▸ Problem to solve
Starting with the line that holds "This polyresin statue", repeat each line through the last one below, exactly. Pictures stay out.

▸ Data
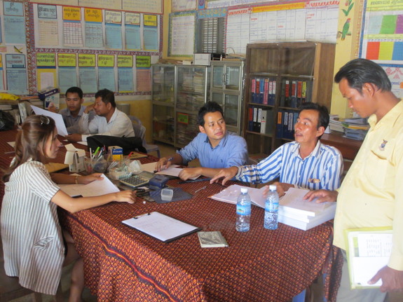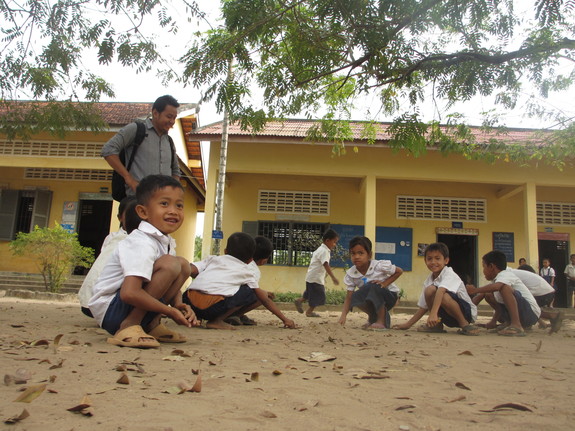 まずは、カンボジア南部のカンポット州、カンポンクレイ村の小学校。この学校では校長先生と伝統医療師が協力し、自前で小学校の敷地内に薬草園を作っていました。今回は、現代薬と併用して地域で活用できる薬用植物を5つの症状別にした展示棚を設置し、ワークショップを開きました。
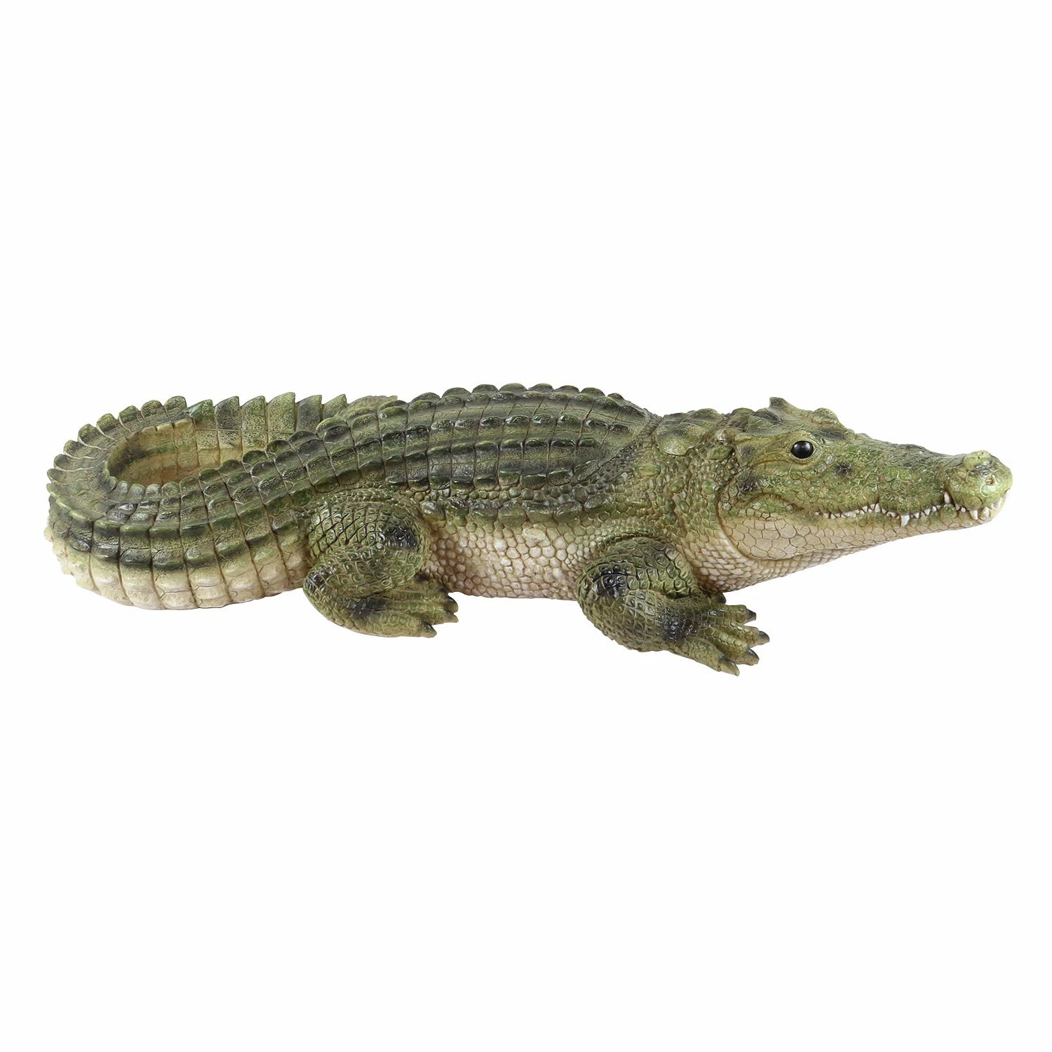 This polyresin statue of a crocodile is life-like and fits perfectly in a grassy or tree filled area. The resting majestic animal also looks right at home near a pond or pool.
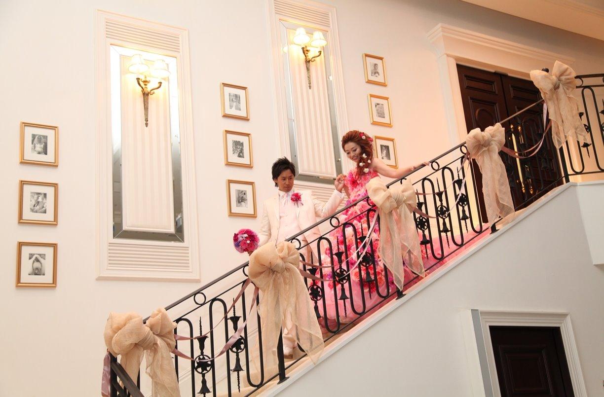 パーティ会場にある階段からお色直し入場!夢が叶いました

▸ Written answer
 This polyresin statue of a crocodile is life-like and fits perfectly in a grassy or tree filled area. The resting majestic animal also looks right at home near a pond or pool.
 パーティ会場にある階段からお色直し入場!夢が叶いました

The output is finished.